Songs and poems are written about finding love the second time around. But sometimes, that second chance at love comes with something else: a new family.
That can make things like estate planning more complicated. Let’s look at some things to consider.
Stepchildren aren’t recognized as heirs
California defines heirs as individuals directly related to the deceased, either by blood or adoption. Unless the stepparent legally adopts their stepchildren, they will not fall into this category. Therefore, if you were to die without a will, your stepchildren would have no inheritance rights under the state’s intestate succession laws. Conversely, if you were to die before your spouse, your biological children may not inherit everything you wish to pass on to them.

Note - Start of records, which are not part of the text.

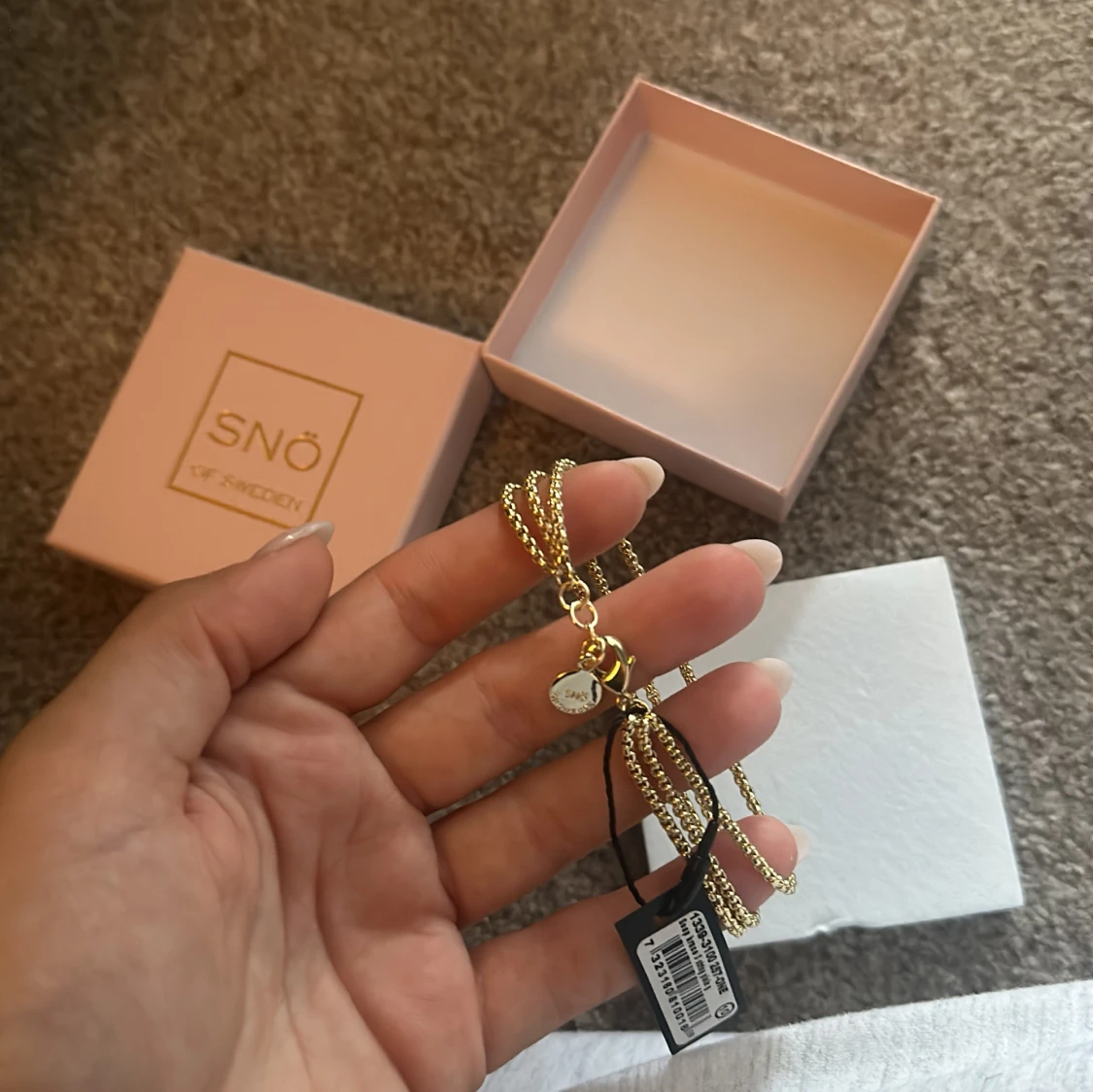 Stilrent halsband i guldton från SNÖ of Sweden. Den är helt oanvänd, guld doppad.
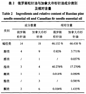 根據(jù)質(zhì)譜分析庫(kù)查找和人力圖普分析,融合保存指數(shù)值核對(duì),烏克蘭松樹(shù)皮油中評(píng)定出31種化學(xué)物質(zhì),占揮發(fā)物成份93.498%,在其中環(huán)己醇類(lèi)14個(gè),代烴4個(gè),脂質(zhì)3個(gè),醚類(lèi)一個(gè),大環(huán)內(nèi)酯兩個(gè),別的化學(xué)物質(zhì)七個(gè),主要成分為甲酸龍腦酯(40.158%),β-4-蒈烯(20.136%),檸檬烯(12.109%),Β-蒎烯(5.658%),龍腦(3.864%),萜品油烯(2.594%),β-石竹烯(2.303%),間傘花烴(1.578%),月桂烯(1.212%),α-蛇麻烯(1.037%)等化學(xué)物質(zhì);澳大利亞紅皮云杉針油中國(guó)共產(chǎn)黨評(píng)定出47種化學(xué)物質(zhì),占揮發(fā)物成份的92.449%,在其中環(huán)己醇類(lèi)1八個(gè),醛類(lèi)9個(gè),代烴一個(gè),脂類(lèi)4個(gè),醚類(lèi)一個(gè),酚類(lèi)化合物3個(gè),大環(huán)內(nèi)酯6個(gè),別的化學(xué)物質(zhì)五個(gè),主要成分為β-蒎烯(32.308%),甲酸龍腦酯(17.007%),δ-4-蒈烯(16.663%),檸檬烯(9.71l%),β-水芹烯(2.955%),月桂烯(1.807%),α-松油醇(1.666%)等化學(xué)物質(zhì),在其中烏克蘭松樹(shù)皮油、澳大利亞紅皮云杉針油中純天然環(huán)己醇類(lèi)物質(zhì)成分極為豐富多彩,各自占揮發(fā)物成份的46.132%、66.438%。由表2由此可見(jiàn),烏克蘭松樹(shù)皮油、澳大利亞紅皮云杉針油中化學(xué)物質(zhì)類(lèi)型及相對(duì)性成分間存有差別。
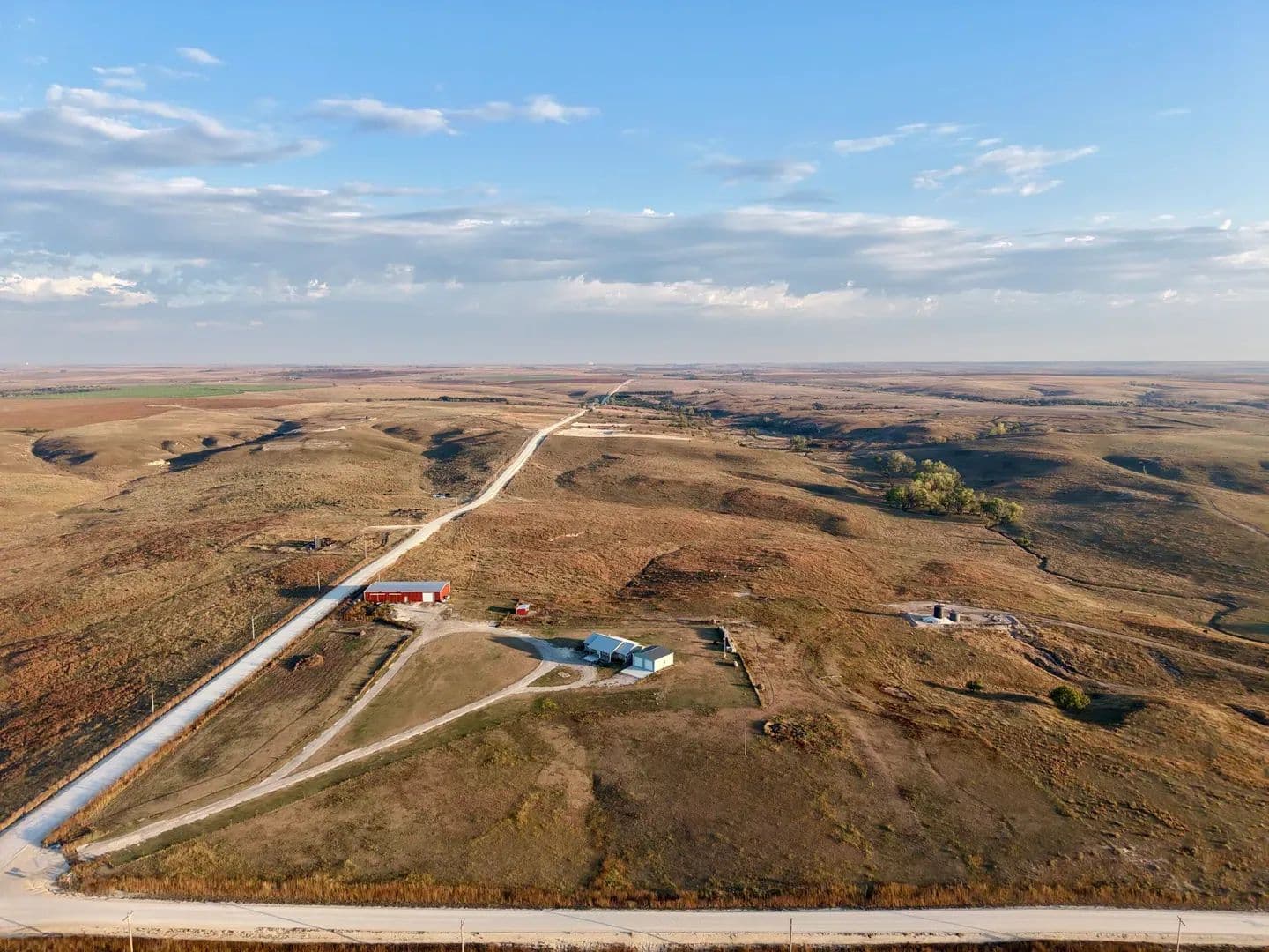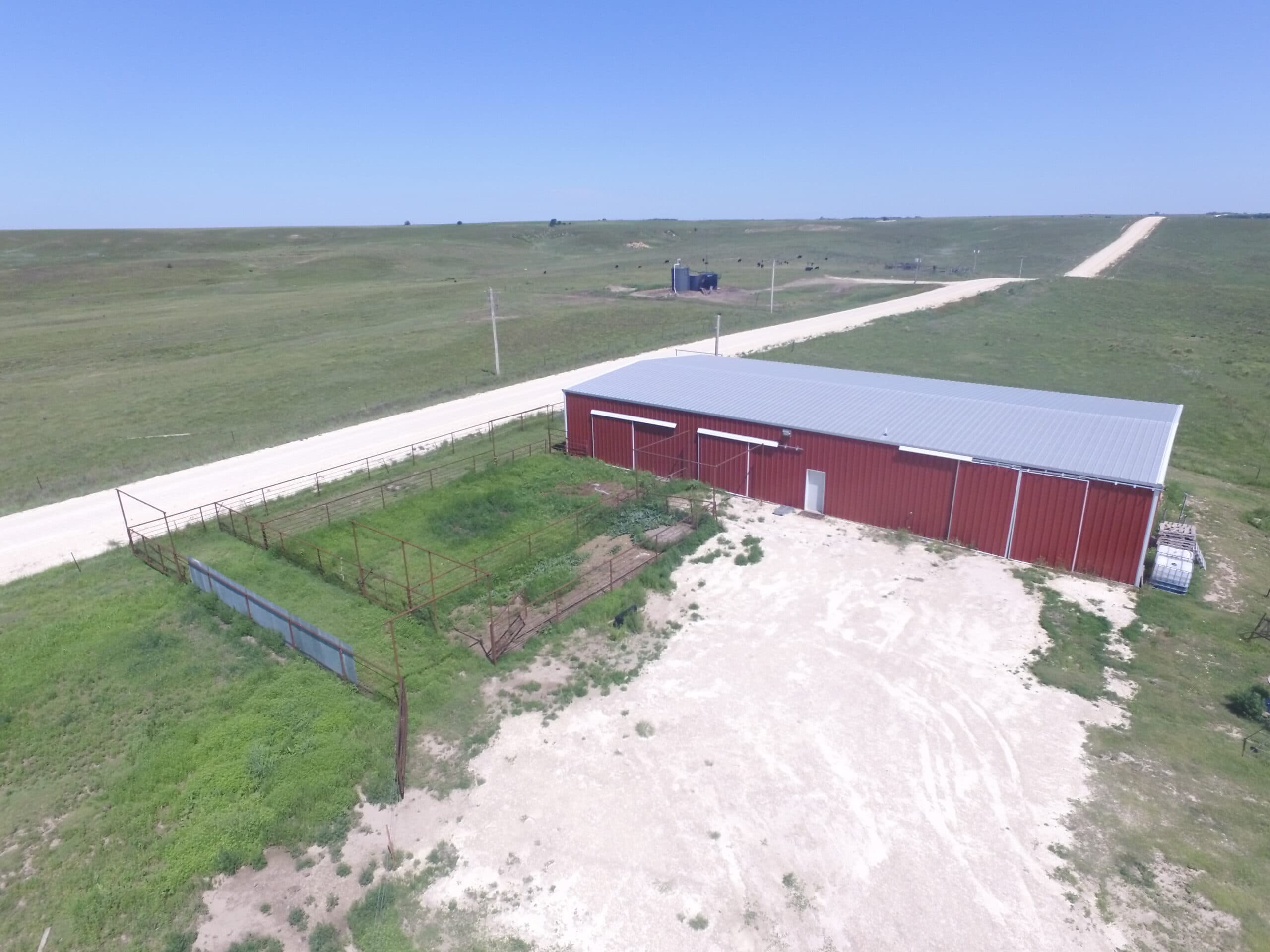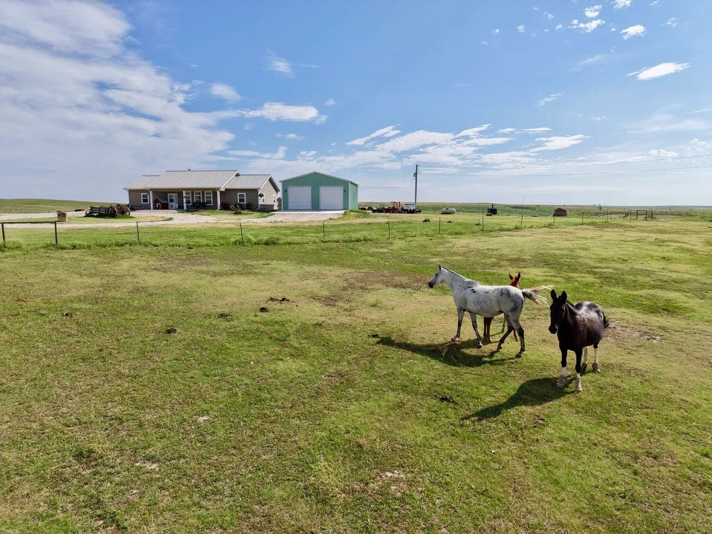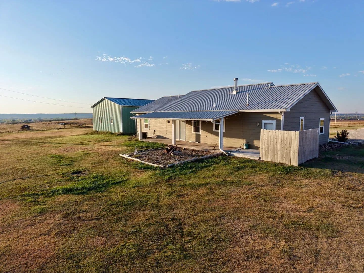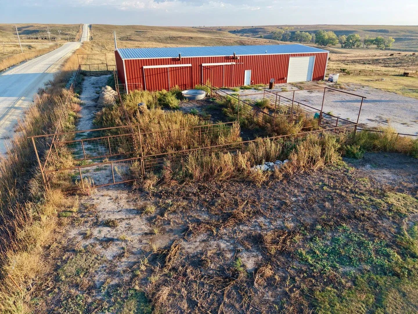 This country property features a beautiful, move-in ready home, detached garage and a large shop located northwest of Hays, Kansas. Improvements Built in 2011, this Ranch style home has around 1800 square feet of finished living space. The home has a steel frame with a metal roof and concrete siding. It is highlighted by an open concept main room that has 18 foot vaulted ceilings and large windows that allow plenty of natural light. The home has 3 bedrooms and 2 bathrooms including the master suite. The master closet also serves as a concrete storm shelter. The home is on a water well, septic system and propane. There is also a reverse osmosis system. Enjoy the peace and quiet this property has to offer on either one of the two covered porches on the house.
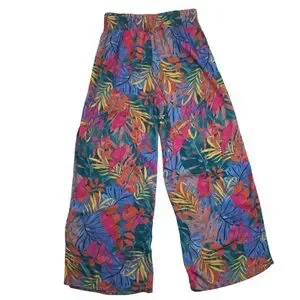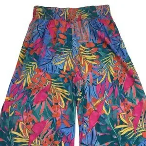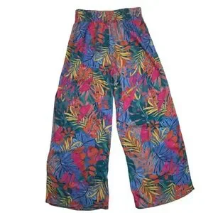 Kona Sol Tropical Floral Wide Leg Lightweight Rayon Pant Multicolor
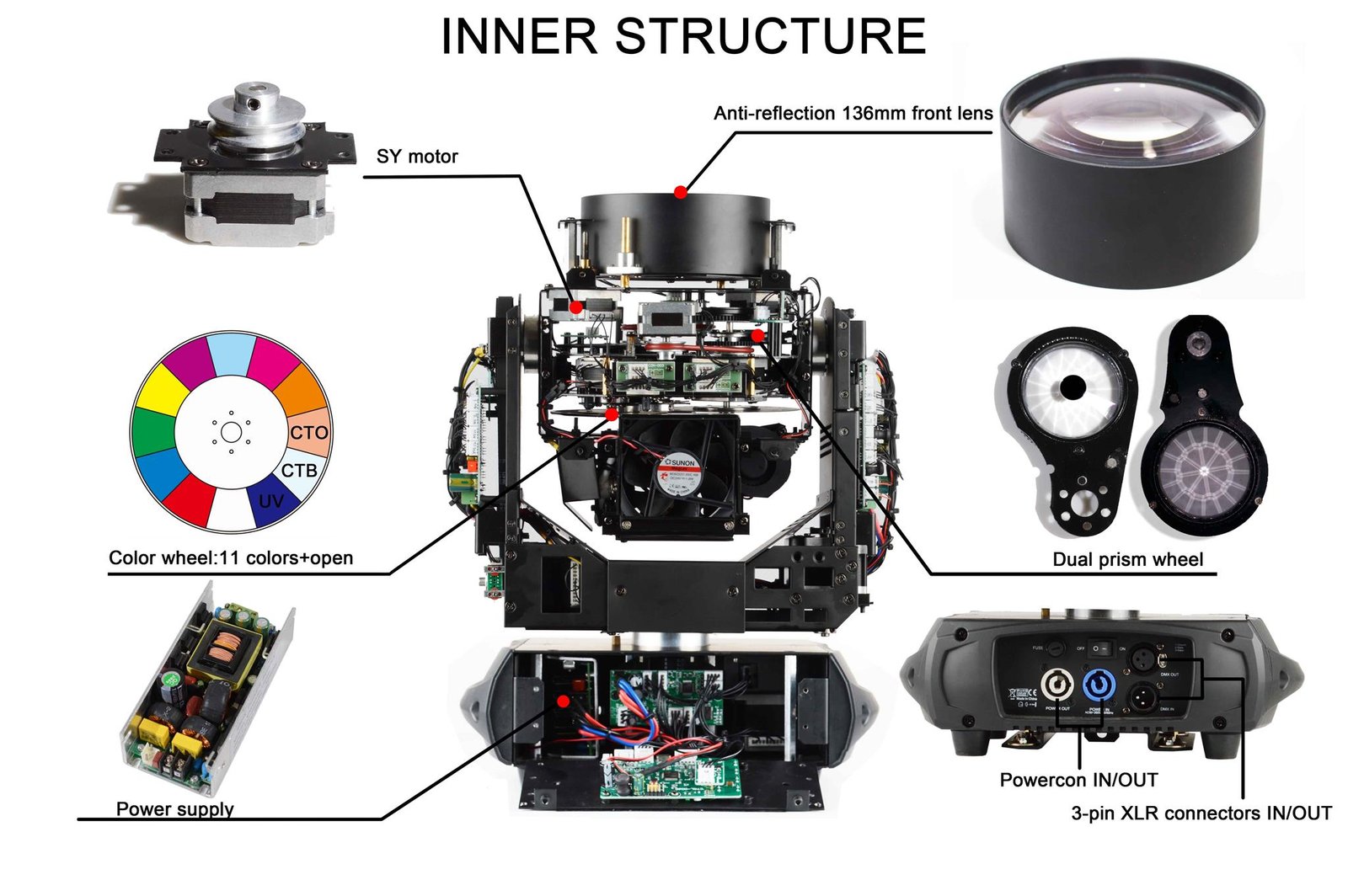 Professional Beam with Super Prisms (16 facet+24 facet prism) and powerful, ultra bright OSRAM 7R Lamp (2000 hours) , 3 phase P/T motors , Solid Beam angle: 2.5? ,Anti-reflection 136mm front lenses , Control Channel:14/16 DMX ,11 colors , 16 gobos , Frost filter, Motorized focus from near to far (2.5M-30M) , 13.2kgs.
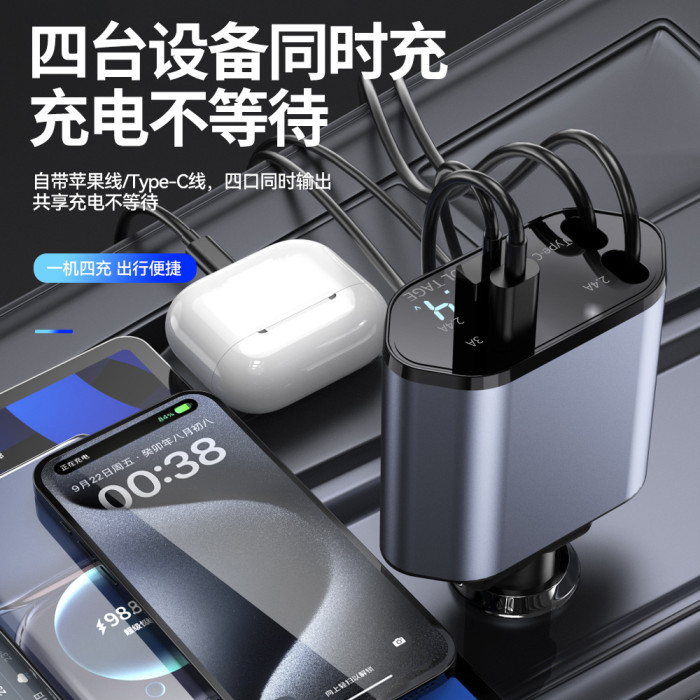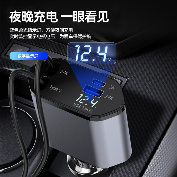 新款車用充電器點菸器 超級快充數顯閃充適用安卓蘋果汽車轉換頭
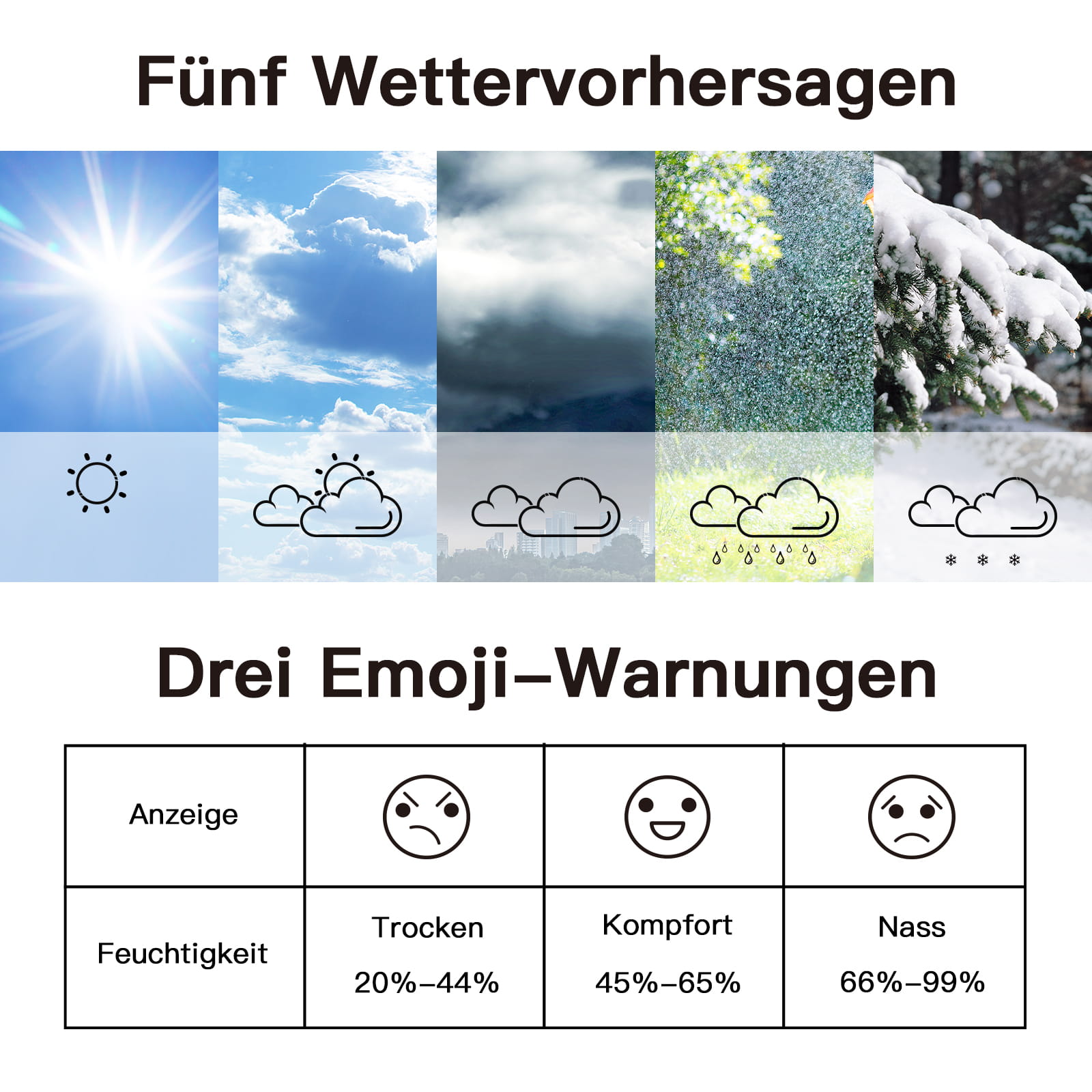Duży bezprzewodowy termometr wewnętrzny z czujnikiem zewnętrznym wyświetla prognozę pogody, która jest w stanie przewidzieć warunki pogodowe za pomocą ciśnienia barometrycznego z 12-24 godzinnym wyprzedzeniem, a następnie wyświetlić prognozę pogody za pomocą 5 ikon (słonecznie, częściowo pochmurno, pochmurno, deszcz i śnieg).
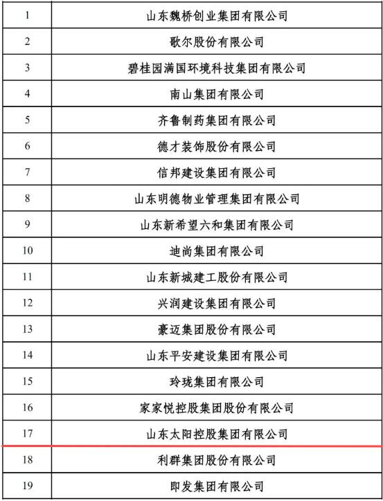 7月26日,2024山東民營企業(yè)百強(qiáng)系列榜單發(fā)布暨“魯商回家鄉(xiāng)”活動在濱州市博興縣舉行。會上,發(fā)布了“2024山東民營企業(yè)200強(qiáng)”、“2024山東民營企業(yè)創(chuàng)新100強(qiáng)”、“2024山東民營企業(yè)吸納就業(yè)100強(qiáng)”榜單。公司控股股東山東太陽控股集團(tuán)有限公司憑借過硬的綜合實(shí)力,位列2024山東民營企業(yè)200強(qiáng)第19位,2024山東民營企業(yè)創(chuàng)新100強(qiáng)第31位,2024山東民營企業(yè)吸納就業(yè)100強(qiáng)第17位。
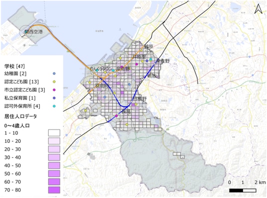 未就学児施設や小中学校の配置から子育て環境を考察。子どもの多いエリアと教育施設の充足状況を重ね合わせ分析しました。
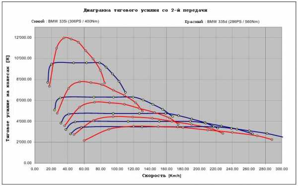 Диаграмма тягового усилия BMW E90 335i и E90 335d
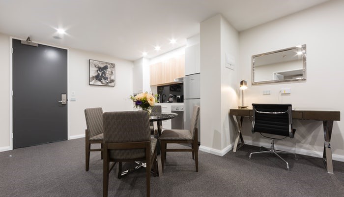 All apartments offer one king bed, individually controlled air-conditioning, WiFi (for a fee), pay per view movies, mini bar, tea/coffee making facilities, a separate lounge and dining area, kitchen and a fully equipped laundry.

To ensure that everyone in your blended family is provided for and to avoid inadvertently disinheriting anyone, there are some things to consider:
- Creating a will allows you to name your children and stepchildren as beneficiaries explicitly. This lets everyone receive a portion of your estate according to your wishes.
- Establishing a trust can help ensure that your assets are managed and distributed according to your detailed instructions, providing financial security to your loved ones.
- Reviewing and updating beneficiary designations on your financial accounts, life insurance policies and retirement plans will let your children and stepchildren receive the intended benefits directly.
- Because California is a community property state, properly identifying what assets were obtained during the marriage and those acquired before the marriage or through an inheritance or gift is critical for estate planning.
It’s imperative for blended families to balance the interests of the current spouse with those of the children from previous relationships. Regularly updating your estate plan to reflect life changes can help ensure that your plan is aligned with your current wishes.